# 4k 16:10 monitor? where to find those?



## argon (Dec 14, 2016)

I was looking for amd navi , and just thinking about upgrading my monitor , to some good old aspectratio of 16:10  , like my old 1680x1050 (that was sweet) ..

I discover some 2560x1600 monitor , But can't find  4k (3840x2400p) 16:10 monitor ?

Are someone know where I  can get those , and If some manufacture is planning on release some sort of this aspect ratio monitor ?  

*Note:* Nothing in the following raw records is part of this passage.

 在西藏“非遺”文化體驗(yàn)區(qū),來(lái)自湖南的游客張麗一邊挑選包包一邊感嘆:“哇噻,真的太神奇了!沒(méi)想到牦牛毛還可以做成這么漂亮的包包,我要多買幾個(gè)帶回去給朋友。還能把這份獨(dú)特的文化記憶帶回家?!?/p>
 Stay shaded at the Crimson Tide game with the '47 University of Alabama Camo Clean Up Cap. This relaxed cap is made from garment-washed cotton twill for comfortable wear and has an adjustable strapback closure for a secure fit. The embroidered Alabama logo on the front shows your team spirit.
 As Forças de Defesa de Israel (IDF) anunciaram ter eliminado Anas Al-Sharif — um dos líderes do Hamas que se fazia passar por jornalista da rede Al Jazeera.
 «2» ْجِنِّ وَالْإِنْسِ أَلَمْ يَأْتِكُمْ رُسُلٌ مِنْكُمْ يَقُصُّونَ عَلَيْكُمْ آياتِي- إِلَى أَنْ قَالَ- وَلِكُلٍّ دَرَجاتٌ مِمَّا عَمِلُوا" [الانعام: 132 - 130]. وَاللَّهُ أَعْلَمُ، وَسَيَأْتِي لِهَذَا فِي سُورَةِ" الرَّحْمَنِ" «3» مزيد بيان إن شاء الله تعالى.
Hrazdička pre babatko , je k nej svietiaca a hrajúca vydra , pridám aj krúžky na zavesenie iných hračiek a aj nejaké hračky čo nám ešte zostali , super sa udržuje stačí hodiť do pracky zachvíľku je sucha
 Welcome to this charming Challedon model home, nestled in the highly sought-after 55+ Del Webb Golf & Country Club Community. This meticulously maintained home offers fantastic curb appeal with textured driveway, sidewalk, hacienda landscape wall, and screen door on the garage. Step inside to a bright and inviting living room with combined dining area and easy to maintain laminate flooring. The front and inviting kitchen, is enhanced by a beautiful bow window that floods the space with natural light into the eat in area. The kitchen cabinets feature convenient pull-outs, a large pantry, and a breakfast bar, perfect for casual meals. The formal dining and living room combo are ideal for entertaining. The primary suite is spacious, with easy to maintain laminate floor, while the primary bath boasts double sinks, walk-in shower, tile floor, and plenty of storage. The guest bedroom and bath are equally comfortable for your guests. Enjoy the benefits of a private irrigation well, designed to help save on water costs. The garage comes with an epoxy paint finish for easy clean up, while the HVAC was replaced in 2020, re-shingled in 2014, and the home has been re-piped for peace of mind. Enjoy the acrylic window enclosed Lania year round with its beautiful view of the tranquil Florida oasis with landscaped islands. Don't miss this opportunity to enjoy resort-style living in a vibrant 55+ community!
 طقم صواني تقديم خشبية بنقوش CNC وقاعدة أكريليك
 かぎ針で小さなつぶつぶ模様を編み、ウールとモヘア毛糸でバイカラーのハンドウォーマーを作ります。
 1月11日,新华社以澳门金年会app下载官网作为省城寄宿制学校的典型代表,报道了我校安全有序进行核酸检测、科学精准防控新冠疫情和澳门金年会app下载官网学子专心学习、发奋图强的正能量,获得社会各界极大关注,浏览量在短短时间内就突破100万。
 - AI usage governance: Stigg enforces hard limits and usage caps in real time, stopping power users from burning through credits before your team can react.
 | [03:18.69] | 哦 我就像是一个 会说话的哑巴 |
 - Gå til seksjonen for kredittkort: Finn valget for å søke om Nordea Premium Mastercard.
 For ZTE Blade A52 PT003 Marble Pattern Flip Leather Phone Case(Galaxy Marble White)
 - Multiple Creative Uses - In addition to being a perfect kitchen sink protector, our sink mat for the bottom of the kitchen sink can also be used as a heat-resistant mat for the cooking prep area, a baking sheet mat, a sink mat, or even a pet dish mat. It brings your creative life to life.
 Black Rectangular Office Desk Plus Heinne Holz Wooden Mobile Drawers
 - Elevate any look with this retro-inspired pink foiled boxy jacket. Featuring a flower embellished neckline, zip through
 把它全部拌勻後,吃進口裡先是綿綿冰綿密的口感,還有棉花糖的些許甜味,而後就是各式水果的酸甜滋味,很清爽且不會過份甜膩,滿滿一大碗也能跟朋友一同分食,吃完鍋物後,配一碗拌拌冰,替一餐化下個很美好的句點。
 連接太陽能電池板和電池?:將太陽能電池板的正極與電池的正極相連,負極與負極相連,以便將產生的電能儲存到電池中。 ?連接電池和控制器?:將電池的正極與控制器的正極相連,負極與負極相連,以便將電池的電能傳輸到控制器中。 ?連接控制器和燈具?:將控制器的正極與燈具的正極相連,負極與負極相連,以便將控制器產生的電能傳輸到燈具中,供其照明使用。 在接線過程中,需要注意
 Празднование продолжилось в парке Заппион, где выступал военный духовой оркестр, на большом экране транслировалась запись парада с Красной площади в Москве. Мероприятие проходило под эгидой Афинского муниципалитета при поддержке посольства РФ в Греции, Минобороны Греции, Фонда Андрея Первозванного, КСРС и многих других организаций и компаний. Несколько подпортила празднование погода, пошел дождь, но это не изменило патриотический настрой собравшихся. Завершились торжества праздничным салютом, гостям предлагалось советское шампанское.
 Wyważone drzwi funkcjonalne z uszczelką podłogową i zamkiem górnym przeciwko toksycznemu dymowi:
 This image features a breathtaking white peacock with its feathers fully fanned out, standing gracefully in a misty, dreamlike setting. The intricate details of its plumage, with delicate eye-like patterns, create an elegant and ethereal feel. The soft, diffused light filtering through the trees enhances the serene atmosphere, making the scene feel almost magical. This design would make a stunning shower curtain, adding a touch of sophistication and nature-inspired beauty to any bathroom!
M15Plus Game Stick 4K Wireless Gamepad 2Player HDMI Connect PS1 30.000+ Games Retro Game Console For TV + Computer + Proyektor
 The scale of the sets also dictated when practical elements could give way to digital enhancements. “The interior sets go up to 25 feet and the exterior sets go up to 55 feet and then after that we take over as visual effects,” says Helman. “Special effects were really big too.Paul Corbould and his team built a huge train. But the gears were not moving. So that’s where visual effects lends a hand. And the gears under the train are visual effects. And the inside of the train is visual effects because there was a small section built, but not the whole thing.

Even some korean manufacturer are appreciate.


----------



## qubit (Dec 14, 2016)

Here's a used one:

http://www.ubbcentral.com/store/item/IBM-T221-LCD-Monitor-9503-DG3-3840x2400_171974816531.html


----------



## argon (Dec 14, 2016)

yes that is a good one ibm, but I dont want to change a 2012 120hz monitor for a 2003 49.5hz monitor  :/


----------



## DeathtoGnomes (Dec 14, 2016)

have you tried searching Newegg.com?


----------



## argon (Dec 14, 2016)

I dont live in the Us , they dont ship to eu .


----------



## TrancëJay (Jan 8, 2017)

3840x2400 is an old dead thing IBM exclusive, not really an standard. You will find nothing new and the difference is not really that big compared to 3840x2160


This is the "closest" you will find:

http://www.ebay.it/itm/Dell-UltraSh...136440?hash=item1a23584278:g:IkoAAOSw4shX9so3


----------



## FordGT90Concept (Jan 8, 2017)

DeathtoGnomes said:


> have you tried searching Newegg.com?


I did a day or two ago.  The highest resolution offered in 8:5 was 2560x1600 and the asking price is ridiculous.  Market forces have pretty much killed off 8:5.


----------



## argon (Jan 9, 2017)

TrancëJay said:


> 3840x2400 is an old dead thing IBM exclusive, not really an standard. You will find nothing new and the difference is not really that big compared to 3840x2160
> This is the "closest" you will find:
> Dell-UltraSharp-UP2715K



that is still a 16:9


----------



## P4-630 (Jan 9, 2017)

Don't tell me you plan to game at 4K with your current graphics card "R9-290X tri-x " ....


----------



## argon (Jan 9, 2017)

I was seriously looking at amd navi/vega ...  read the first post.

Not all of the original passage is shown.